Is it an option? If so, why?

Is it in line with the RPW?


----------



## Scott Bushey (Apr 27, 2005)

> _Originally posted by Rick Larson_
> At our church the baby dedication encompasses the following:
> 
> 1) Introducing the child to the congregation
> ...



It's not biblical...............


----------



## heartoflesh (Apr 27, 2005)

> _Originally posted by Scott Bushey_
> 
> 
> > _Originally posted by Rick Larson_
> ...




That's a little vague.


----------



## Me Died Blue (Apr 27, 2005)

Rick, one of the main problems and inconsistencies I see in it I explained throughout this thread.



> _Originally posted by fredtgreco_
> Is it in line with the RPW?



Good point.


----------



## Puritanhead (Apr 27, 2005)

*I\'m still a believer in \"Believer\'s Baptism\"*



> _Originally posted by sntijerina_
> Also, no record of an infant dedication in the NT.



In fairness, there is no explicit record of infant baptism in the NT either. Paedobaptists make the inference largely based on the Roman soldier mentioned in the Acts of the Apostles who had his whole family baptized. As I Reformed Baptist, who was raised a Congregationalist (which also held to believer's baptism), I will readily admit I have heard some extremely asinine and absurd arguments, some profoundly Arminian, for believer's baptism. Nonetheless, the case for infant baptism has never has watertight as Presbyterians make it out to be. Our Lord Jesus Christ didn't get an infant baptism did he? That's right... he was baptized by submersion in the river Jordan and at a pretty ripe age. Even if I were to ever accept the proposition of infant baptism, I could never accept there is some inherent wrong in _believer's baptism_ as so many Presbyterians would have me believe.


A Baptist and a Congregationalist were driving to a picnic one summer and saw all these kids running around in the sprinkler. The Baptist said, "Sheesh! Those kids have a pool in the backyard for crying out loud!
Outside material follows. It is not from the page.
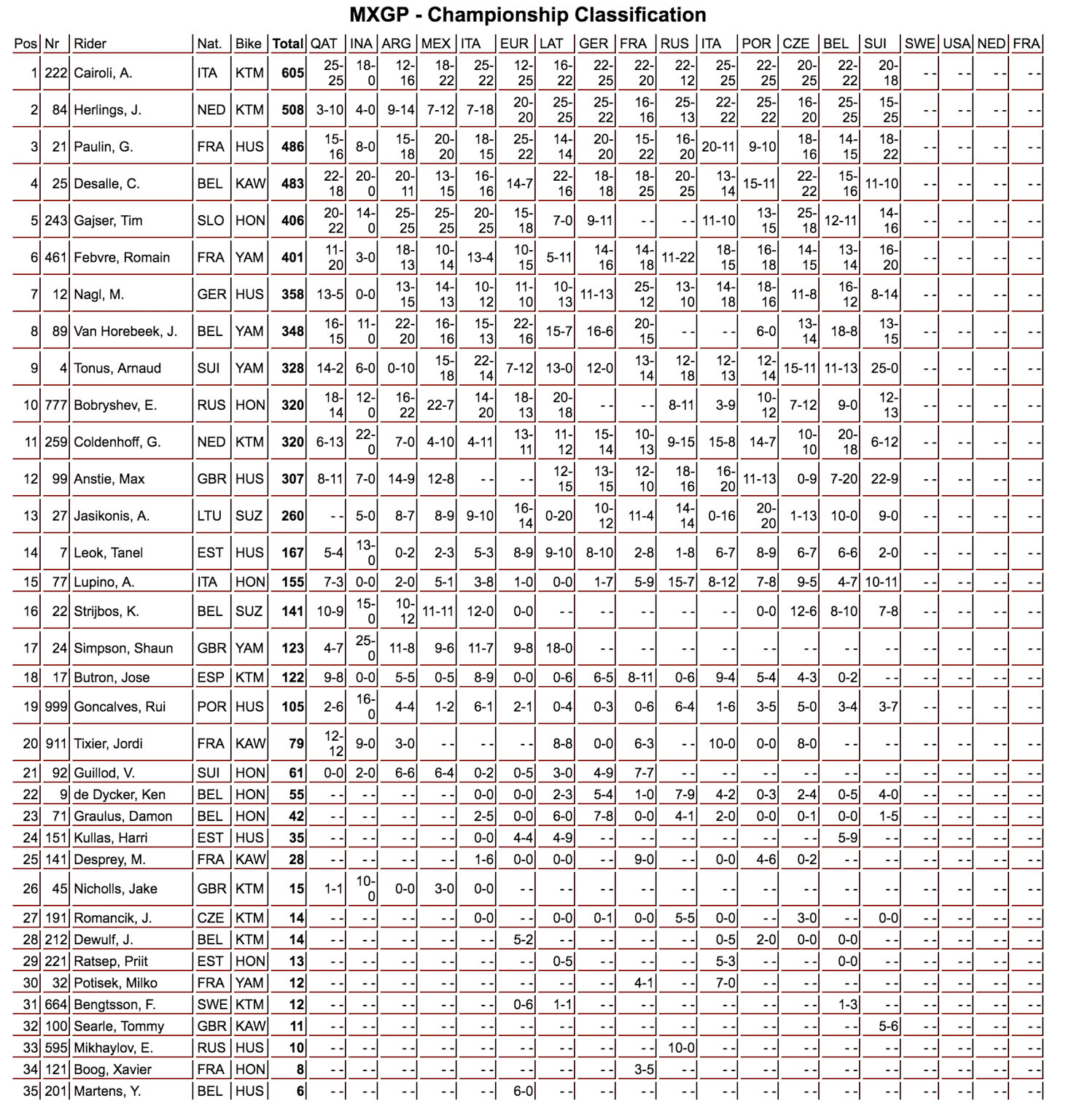 Cairoli was disappointed at not taking the win and said: “It was my fault I didn’t win as I didn’t ride well in the first moto. Although I did the fastest lap of the race on last lap.

What's wrong with them?" The Congregationalist replied, "I think their family belongs to one of those _hydrophobic_ denominations..." The Baptist inquired, "Are they Methodists?" The Congregationalist replied, "Nah... they're Presbyterians."


Now, if only my Reformed Baptist church would use real "Communion Wine"-- we would get it _all_ right.
:bigsmile:

[Edited on 4-27-2005 by Puritanhead]


----------



## WrittenFromUtopia (Apr 27, 2005)

> And in all due respect, no record of an infant baptism in the NT. (Writing for the minority.)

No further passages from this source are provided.